C’è anche un giovane di Canicattì – Giuseppe Orlando, 22 anni – tra le ventisei persone arrestate questa mattina nell’ambito della maxi operazione della Direzione Investigativa Antimafia, coordinata dalla Procura di Roma, che avrebbe fatto luce su una “locale” di ndrangheta operante nella capitale.
Il canicattinese è accusato di trasferimento fraudolento di valori in concorso. In sostanza, secondo gli inquirenti, sarebbe stato un prestanome, la cosiddetta “testa di legno”, utilizzata da due esponenti del clan al fine di eludere eventuali misure di prevenzione patrimoniale, intestandosi un esercizio commerciale, il bar Tintoretto, sito a Roma. La misura è stata eseguita dalla Dia di Agrigento guidata dal vicequestore Roberto Cilona.
In ventiquattro sono finiti in carcere mentre in due ai domiciliari. Un’organizzazione criminale che vede al vertice Antonio Carzo e Vincenzo Alvaro, legati a famiglie di ‘ndrangheta operanti nella zona di Cosoleto (Reggio Calabria). Secondo gli inquirenti, il clan puntava ad acquisire la gestione di attività economiche nei settori della panificazione, mercato ittico, pasticcerie e ritiro pelli. Le mani del clan erano finite anche sul business della ristorazione e dei bar. Gli inquirenti contestano al giovane canicattinese, la cui posizione dovrà comunque essere approfondita, di essere uno dei meccanismi del cosiddetto “Sistema Alvaro”. Si tratta di una serie di intestazioni fittizie in grado di far girare un ingente quantitativo di denaro spostato da una società all’altra al fine di dare una giustificazione all’acquisto delle aziende. In realtà, secondo le indagini, il sistema era solo un modo per mascherare le operazioni in corso e questo sarebbe emerso dalla presenza formale di titolari senza beni intestati né redditi dichiarati come ad esempio lo stesso Orlando. Il giovane, secondo quanto emerso, non avrebbe mai dichiarato redditi e, nonostante avesse fondato una startup quindici giorni prima con un capitale sociale di cento euro, era riuscito a comprare un bar a Roma con un’operazione da trenta mila euro. Un affare che ha destato sospetto finendo subito sotto la lente di ingrandimento degli inquirenti.

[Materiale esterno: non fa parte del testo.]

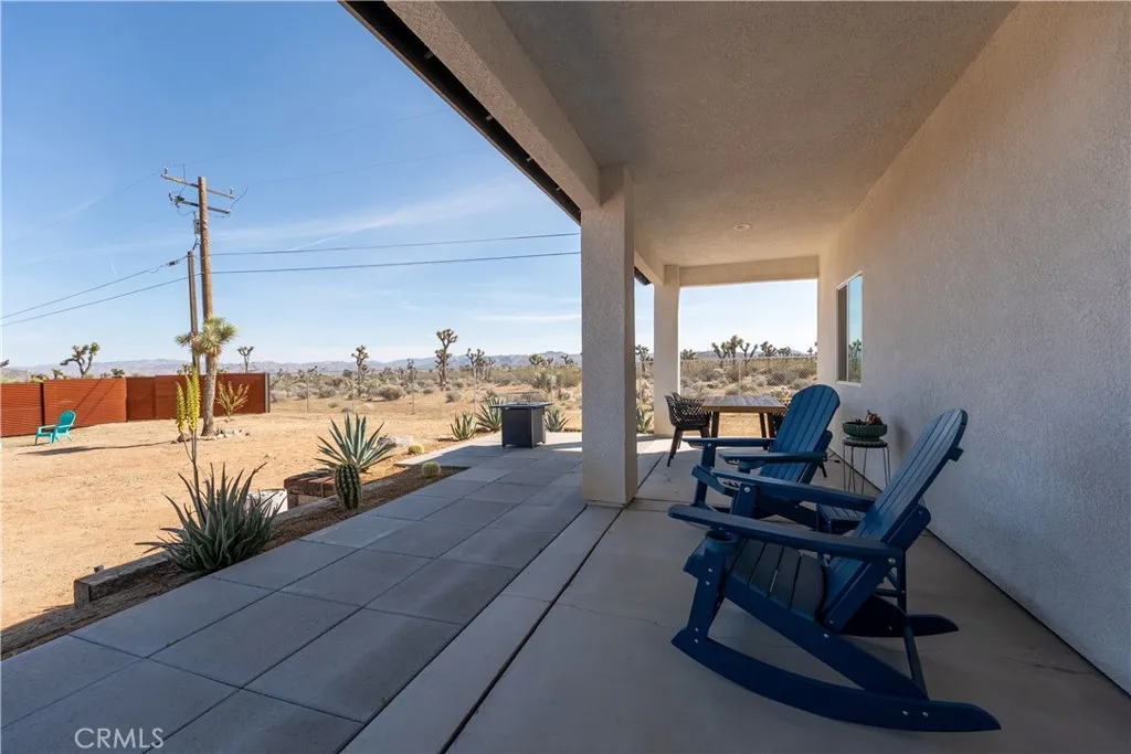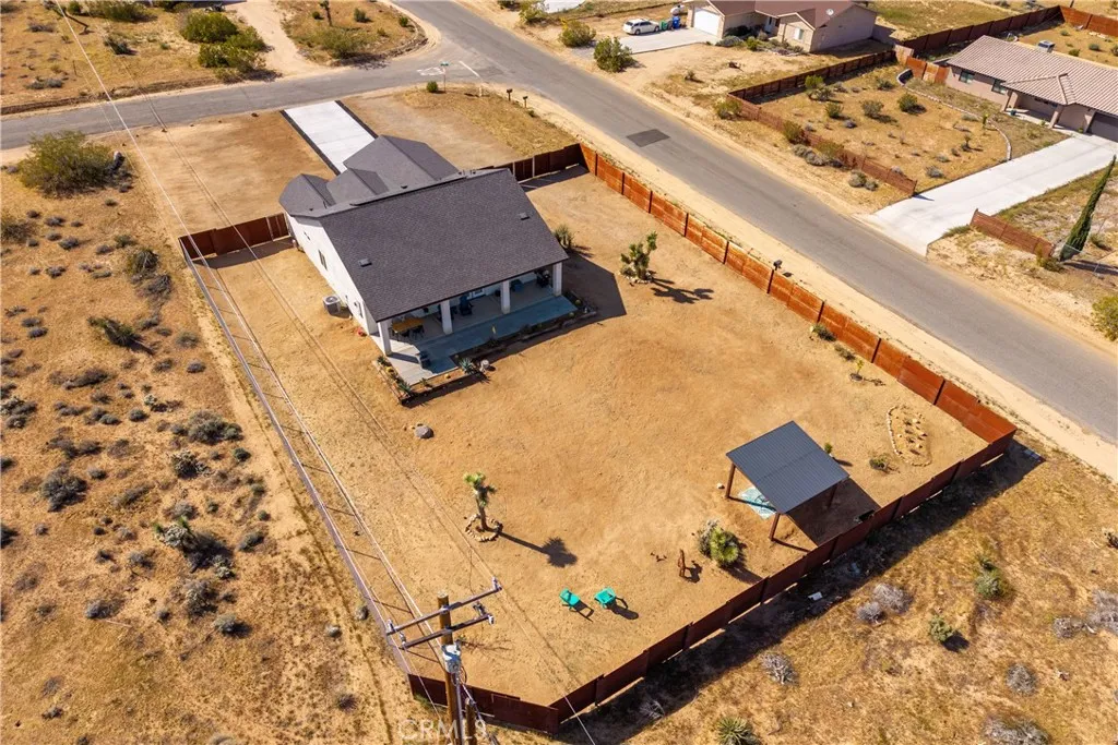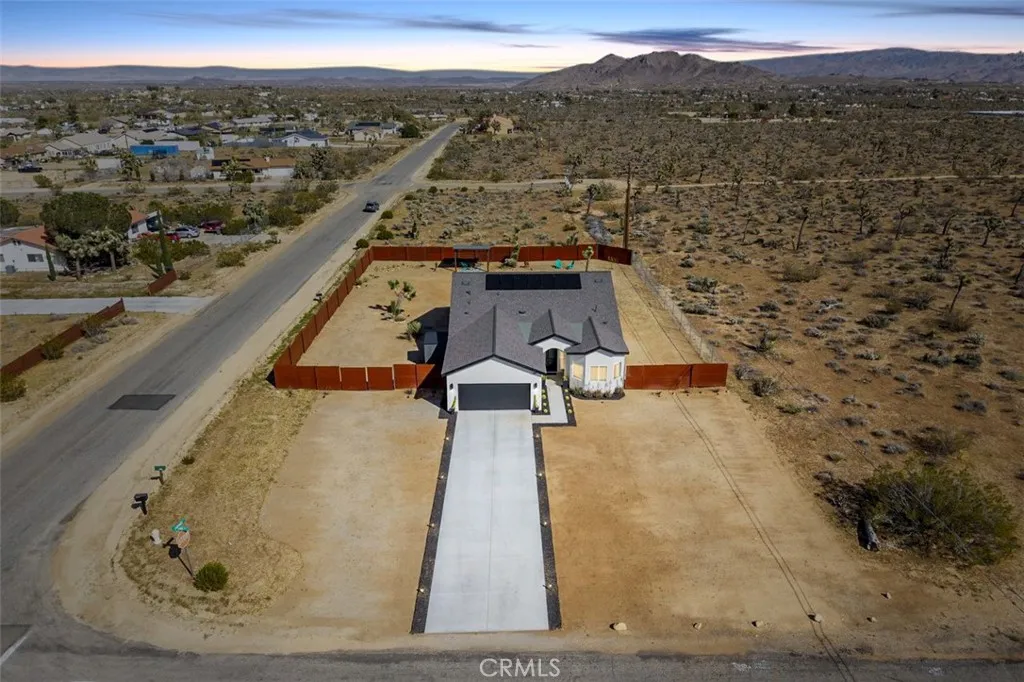 Welcome to this newer construction home set on a spacious half-acre lot, offering the perfect blend of modern comfort, privacy, and endless potential in a peaceful desert setting. Designed as a versatile retreat, this property provides room to expand, customize, and truly make your own—plus the option to purchase the adjacent lot for even greater opportunity. Enjoy a private and tranquil environment surrounded by wide-open desert views, natural Joshua trees, and partial views of Mount San Jacinto, creating a serene backdrop and open-sky living. Inside, the home features a bright, open floor plan with 9-foot ceilings, creating an airy and inviting atmosphere. The kitchen is equipped with stainless steel appliances and flows seamlessly into the main living area, ideal for both everyday living and entertaining. The outdoor space offers exceptional flexibility and usability. The fully fenced yard includes landscaped and hardscaped areas, along with a gazebo with lighting, perfect for relaxing or hosting. With ample space, the property can easily accommodate a pool or spa, ADU, RV or OHV parking, and expanded outdoor entertaining areas. Additional features include an owned solar system to help keep energy costs low, EV charger in the attached 2-car garage, Ecobee HVAC system, Wyze doorbell camera, paved driveway access, and a backyard storage shed. With no HOA, generous land, and a flexible layout, this property is ideal as a primary residence, vacation home, or investment opportunity, offering both immediate comfort and long-term potential in a quiet, growing area.
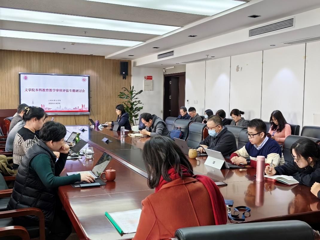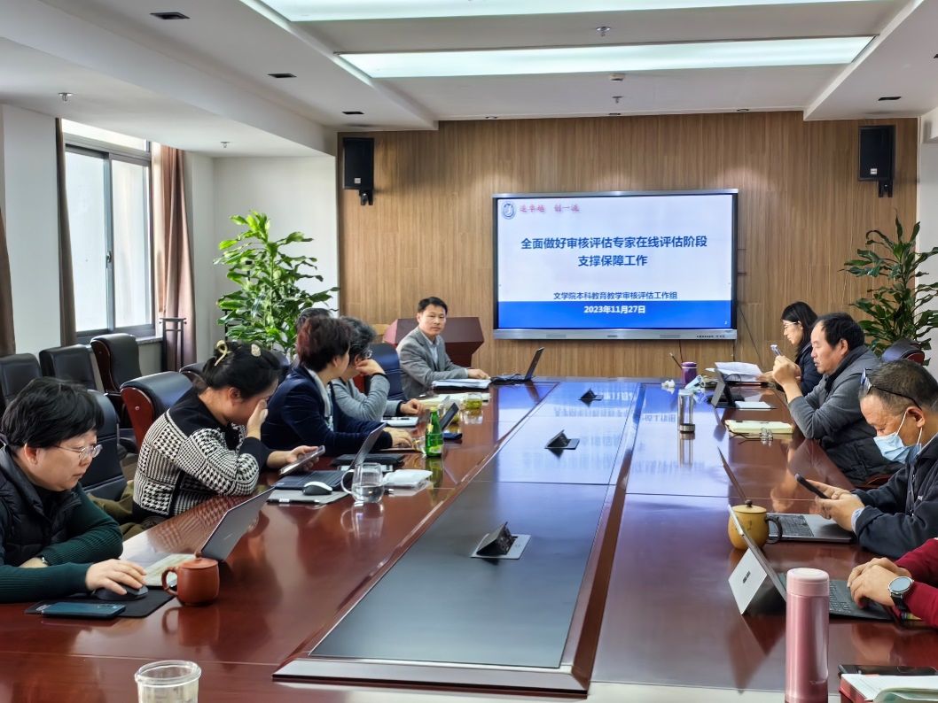 2023年11月27日,文学院本科教育教学审核评估专题研讨会在306会议室召开,文学院党委书记陆甦颖,党委副书记、院长刘旭光,党委副书记、副院长丁佳蒙,副院长倪兰、宁镇疆、杨长云,各系党政负责人、院办公室行政人员及辅导员参会。会议由副院长杨长云主持。
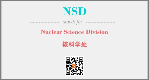 上述内容是“Nuclear Science Division”作为“NSD”的缩写,解释为“核科学处”时的信息,以及英文缩略词NSD所代表的英文单词,其对应的中文拼音、详细解释以及在英文中的流行度和相关分类、应用领域及应用示例等。
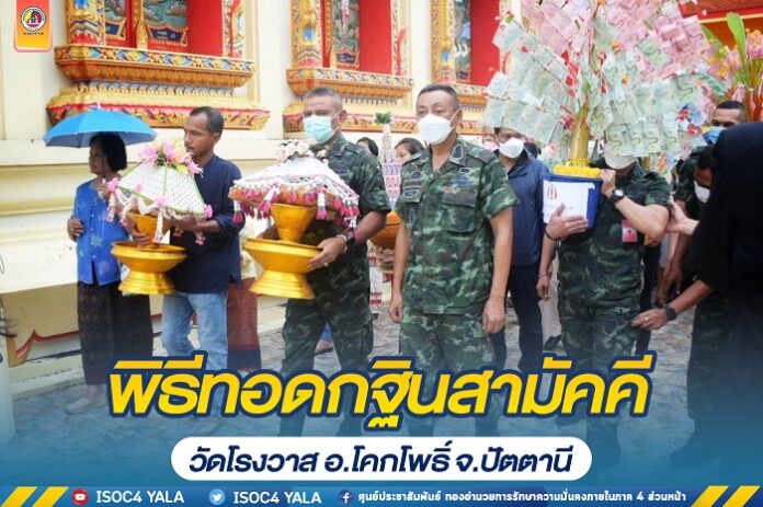 ที่ วัดโรงวาส บ้านท่าเรือ ตำบลท่าเรือ อำเภอโคกโพธิ์ จังหวัดปัตตานี พลตรี ขจรศักดิ์ อินทร์ทอง ผู้บังคับหน่วยเฉพาะกิจปัตตานี พร้อมด้วย กำลังพล หน่วยเฉพาะกิจปัตตานี ร่วมเป็นเจ้าภาพในพิธีทอดกฐินสามัคคีและทอดผ้าป่าวัดโรงวาส ประจำปี 2565 เพื่อหารายได้ร่วมสมทบทุนในการทำนุบำรุงพระพุทธศาสนา โดยมีประชาชนในพื้นที่เข้าร่วมเป็นจำนวนมาก
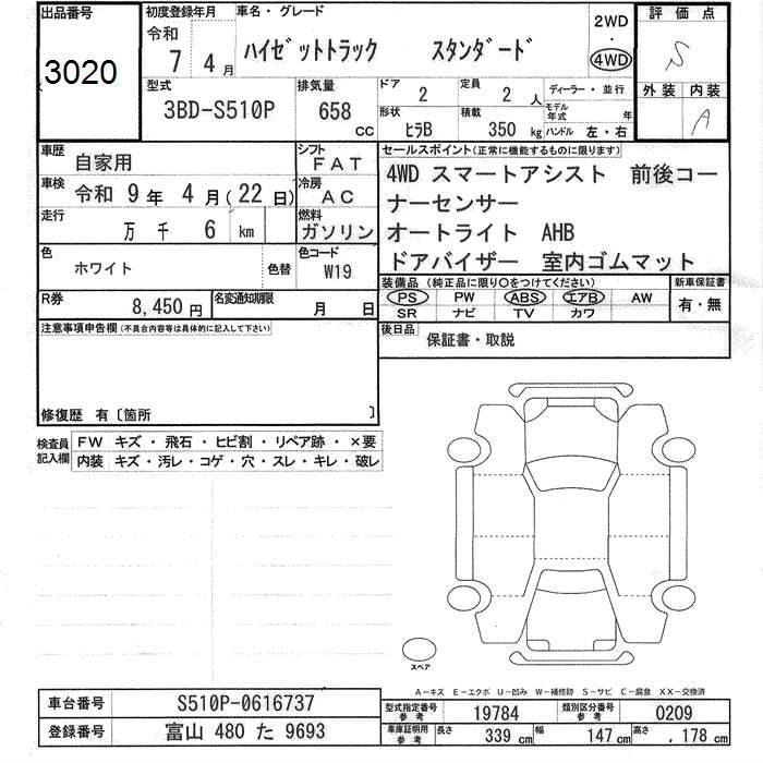 Статус выставлен на аукцион Лот 3020 Аукцион JU Toyama Дата аукциона 12.03.2026
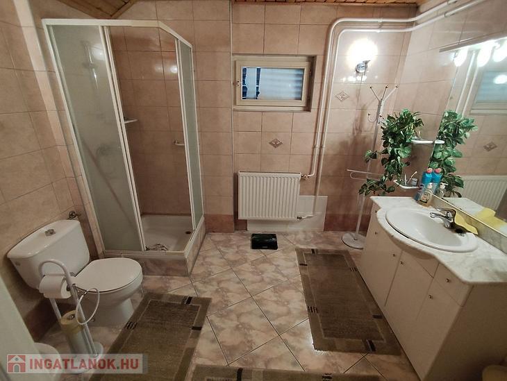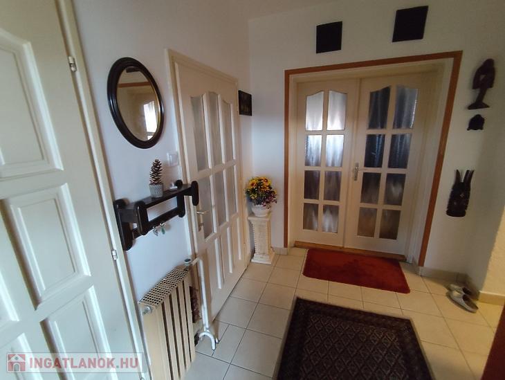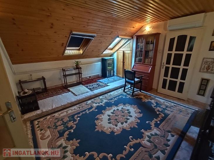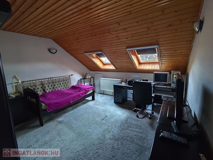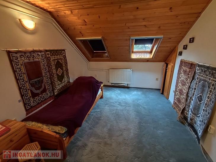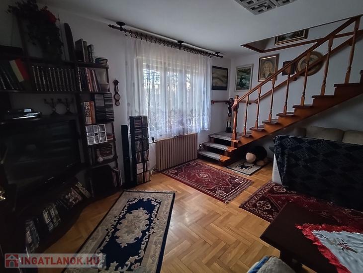 Az 1. emeleten található belső kétszintes, teraszkapcsolatos ingatlan br.: 130 nm, n.: 110 nm, 3 szoba, beköltözhető állapotú, duplakomfortos. Az 1. emeleten fa keretes ablakok, a tetőtérben velux ablakok található. A nappali fa parkettával, a szobák padlószőnyeggel, a többi helyiség járólappal burkolt. A fűtésről kombi cirkókazán gondoskodik, a tetőtérben már újabb lapradiátorok szereltek fel. A nagyobb komfortérzet kialakítása érdekében, a tetőtérben egy hűtő-fűtő inverteres légkondicionáló is beépítésre került.

Nella stessa vicenda è coinvolto anche Raimondo Orlando, padre dell’odierno arrestato, un personaggio gravato da numerosi precedenti di polizia tra cui associazione per delinquere finalizzata alla truffa per il conseguimento di erogazioni pubbliche e auto-riciclaggio. Quest’ultimo risulta essere uno dei soci della società che ha rilevato la ditta di Giuseppe Orlando con funamboliche operazioni economiche.